Clients understand your value, at least in part, by both what you deliver and how you communicate that delivery. In other words, the experience. You want to make their experience a good one – empathetic, differentiated, and clearly valuable.

As a young consultant, your ability to develop strong client relationships is one of the best ways to accelerate your career and outshine others with more experience than you.

Even if you’re extremely gifted, there will always be colleagues with more talent and experience. However, if you can build strong relationships with clients, you can increase your impact and establish similar or even more value than more senior consultants. This meritocracy is what attracts young professionals to the best consulting firms.

4. Project Management

While relationships are client-centric ways to create connections and develop business, engagements actually create revenue for your firm.

The more projects you complete successfully, the more experience you gain, the more money and margin your firm makes, and the more valuable you are to the firm. Shakespeare said that “the play’s the thing” – for consultants, the project is the thing, the center of the consultant’s day-to-day world.

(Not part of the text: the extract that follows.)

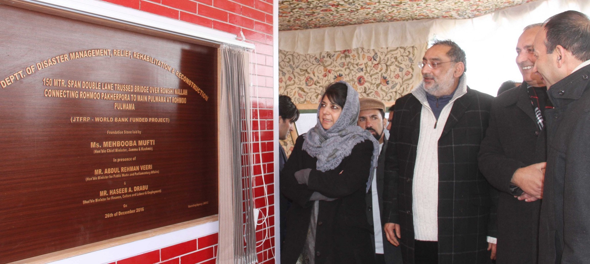 PULWAMA: Chief Minister, Mehbooba Mufti today laid foundation stones of Rs 40 crore bridges over Rambiarah and Romshoo nallahs connecting several villages of Pulwama, Shopian and Budgam districts. These bridges would be constructed by the Department of Relief, Rehabilitation, Reconstruction & Disaster Management and would be completed within two years under World Bank-funded Jhelum-Tawi Flood Recovery Project.

Project-based thinking is an effective way to conduct any initiative, instead of having a level of effort support structure. Project-based thinking means that there is a beginning and end, that there is clear scope and deliverables (how we know we are done), and that you can bring in team members with the strength and diversity needed to accomplish the task.

Other aspects of project management are time and money -- you have to consider a budget, a time frame, and the fact that every week, more information will come in and you will have to adjust your work plan. Projects require you to work with a sense of urgency. You must therefore know how to adopt a good plan, implement it, and execute quickly without any drop in quality.